With this in mind I would like to turn to a particular section of Shunkin's work Automobility of which she says,
names a complex of cultural and economic relationships that are by no means finished and that exceed historical containment in the past. The material-semiotic network of automobility emerges, but does not end, with three early time-motion economies: animal disassembly, automotive assembly, and moving picture production. Automobility refers to the "moving" effects of cars and cinema, effects achieved by technologically as well as semiotically mimicking the seamless physiology of animals in motion.(90).

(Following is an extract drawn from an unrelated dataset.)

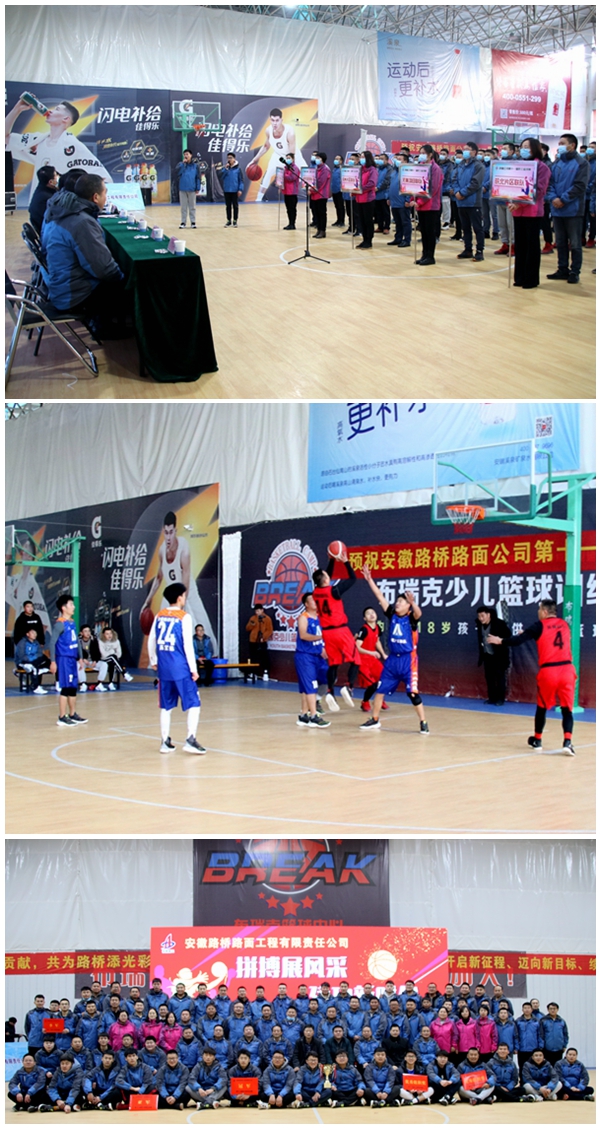 為豐富職工文化生活,增進(jìn)職工溝通交流,促進(jìn)企業(yè)文化建設(shè),提高團隊凝聚力,12月30日至31日,安徽路橋路面公司第十一屆職工籃球賽在合肥布瑞克籃球館成功舉辦。公司黨委委員、紀(jì)委書記林緒坤,工會主席楊建強出席開幕式。

With the notions of motion in mind Shukin attempts to render what she notes as the "material unconscious" of culture surrounding the production animal capital. The notion of the material unconscious is borrowed from Bill Brown and his invocation of Walter Benjamin's formulation of history, "not as a past chronology of finished events but as unsettled fragments still up for revision" (89).
Shukin suggest that the vertical abattoir can serve as a proto-cinematic spectacle, one in which the "animals hoisted onto moving overhead tracks and sped down the disassembly line constituted one of North America's first 'moving pictures'" (92). Just a sentence later, Shukin points out that the exhibition of the world's developing motion picture technologies at the World's Columbian Exposition signaled a dangerous possibility. This possibility is one in which the "mimetic media were, for a brief historical instant, dangerously contiguous with their material unconscious" (93). In constructing the tours as a "material 'negative'" of the moving cinematic image and linking the production of gelatin to the creation of photographic mimetic media, the exhibition of these technologies appears to have threatened the distinction between the metaphorical and material currencies of animal capital. Shukin earlier notes "the contradictions of animal rendering are productive so long as they are discursively managed under the separate domains of culture and economy" (21). In footnote 24 to chapter 2, Shukin comments on this "dangerous" moment noting the movement of slaughter from a productive (in terms of capital gain) "visibility" to a cultural invisibility.
Do you find Shukin's reading of this historical moment to be productive in thinking through the politics of animal capital? Can we read her suggestion of the contiguousness of the mimetic media and the abattoir as symptomatic of her view of history through Brown (and Benjamin)? How can one see the work of discursive productions of (bio)power at stake in the transformation from "visible" slaughter to one that is "invisible" and used for political means (see Shukin's note 24 on page 255)?
-Sean F

1 comment:

  1. Shukin's conjunctions/conflations of terms such as animal and nature, as well as these two historical moments are certainly sites to interrogate her logic (term used loosely), however once forced to closely look at the text and look at her moves in light of her theoretical position:

    All that distinguishes rendering as hegemonic discourse from rendering as critical discourse, ultimately, is it self-recognition, as a politically motivated articulatory practice. Without this self-reflexivity, the act of bringing disparate, unlikely things together under its rubric risks becoming a metaphorical exercise in suggesting that they share an underlying an underlying, unifying likeness rather than an effort to make their contingencies visible. (28)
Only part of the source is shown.